* [PROVIDED RECORDS]:
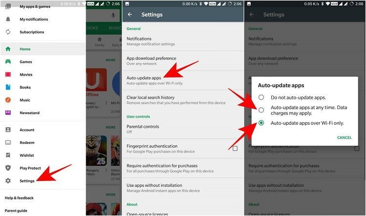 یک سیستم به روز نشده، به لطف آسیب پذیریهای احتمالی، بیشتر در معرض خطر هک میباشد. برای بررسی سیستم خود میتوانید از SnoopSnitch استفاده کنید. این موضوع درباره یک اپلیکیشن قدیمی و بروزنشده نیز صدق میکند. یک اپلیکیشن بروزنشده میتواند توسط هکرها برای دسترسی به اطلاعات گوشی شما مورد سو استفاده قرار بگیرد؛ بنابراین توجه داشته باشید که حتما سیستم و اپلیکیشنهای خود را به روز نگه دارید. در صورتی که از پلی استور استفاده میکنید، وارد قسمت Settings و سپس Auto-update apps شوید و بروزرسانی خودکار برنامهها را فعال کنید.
...
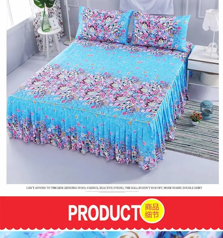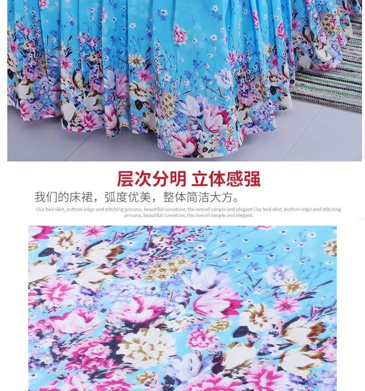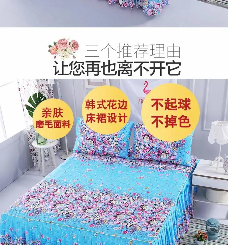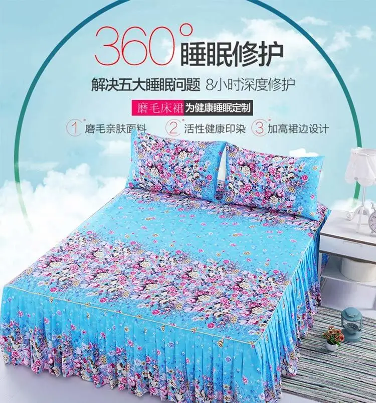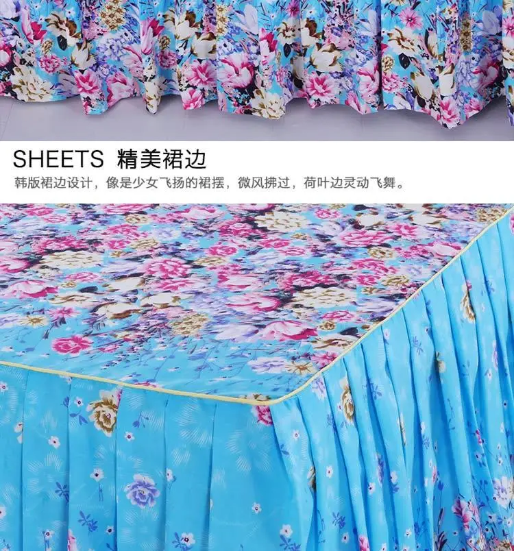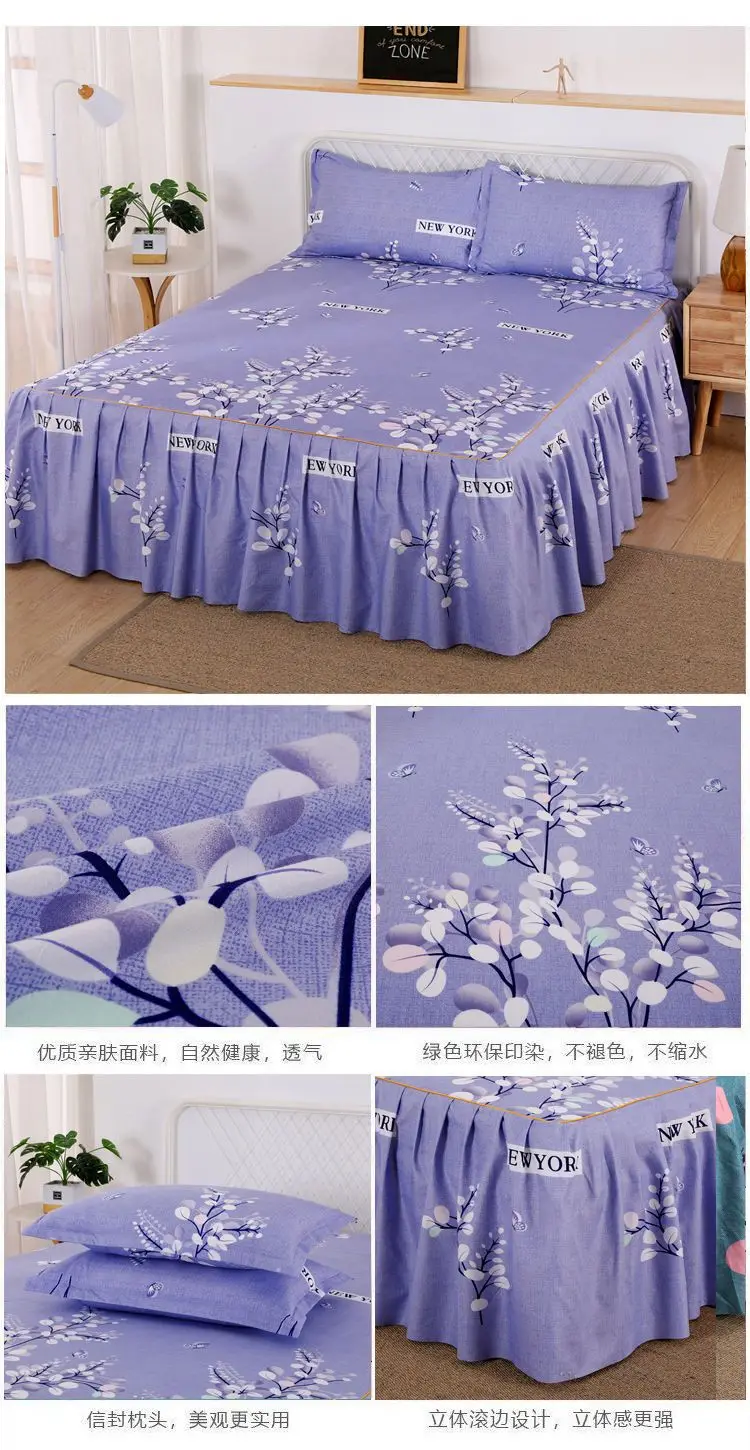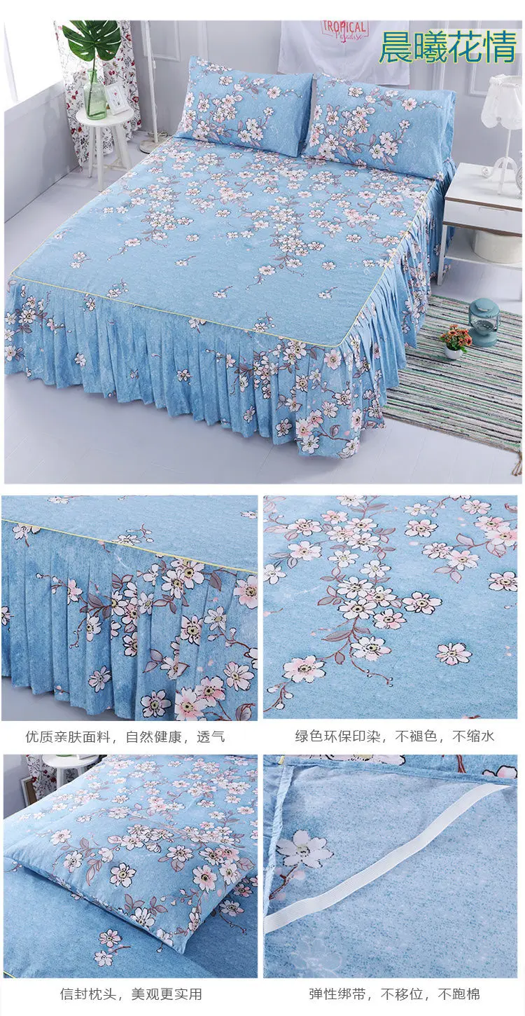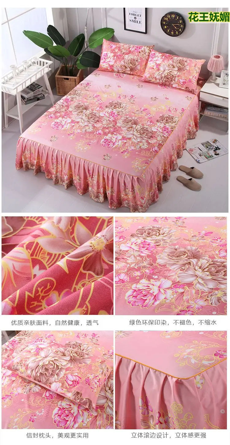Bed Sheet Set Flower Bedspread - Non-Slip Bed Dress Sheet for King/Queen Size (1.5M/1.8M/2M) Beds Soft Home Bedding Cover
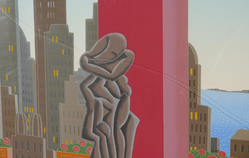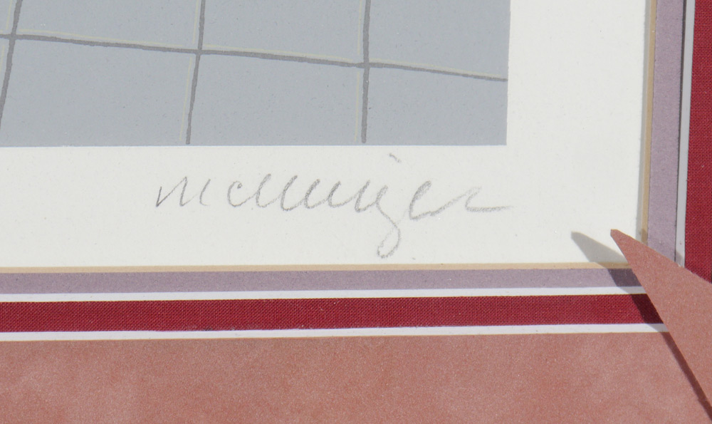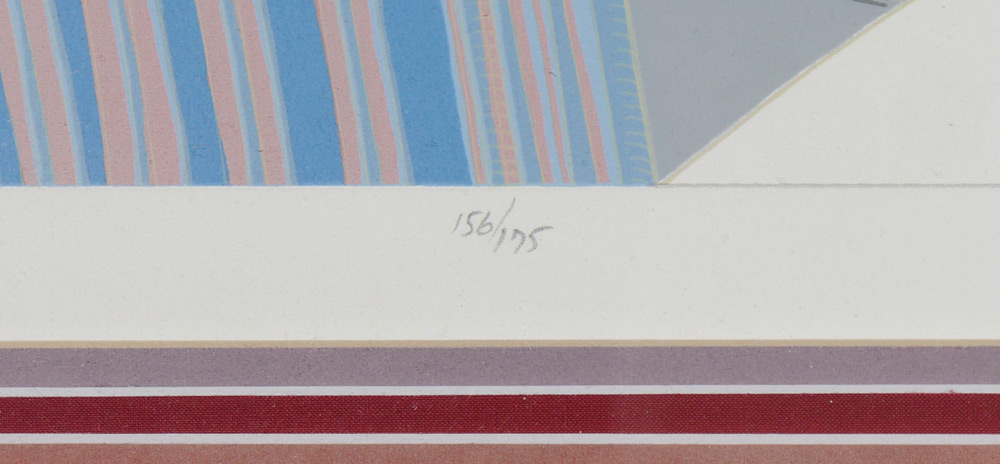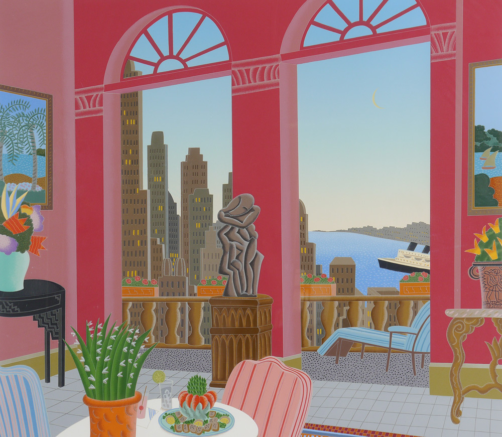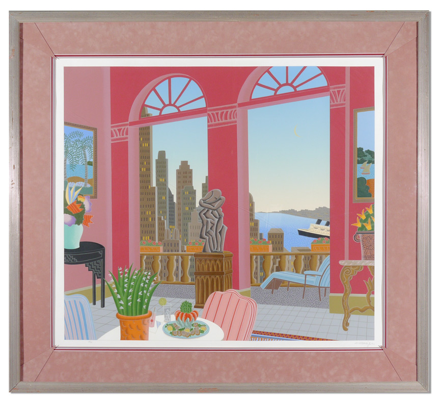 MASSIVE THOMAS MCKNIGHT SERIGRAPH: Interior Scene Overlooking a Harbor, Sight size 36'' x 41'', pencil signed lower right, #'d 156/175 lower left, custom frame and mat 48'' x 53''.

* [DIRECTIONS]:
Among the lines above, the one with "Bed Sheet Set" opens the part to repeat and the one with "MASSIVE THOMAS MCKNIGHT" closes it; repeat only that part exactly, with no pictures.

* [SOLUTION TO THIS PROBLEM]:
Bed Sheet Set Flower Bedspread - Non-Slip Bed Dress Sheet for King/Queen Size (1.5M/1.8M/2M) Beds Soft Home Bedding Cover
 MASSIVE THOMAS MCKNIGHT SERIGRAPH: Interior Scene Overlooking a Harbor, Sight size 36'' x 41'', pencil signed lower right, #'d 156/175 lower left, custom frame and mat 48'' x 53''.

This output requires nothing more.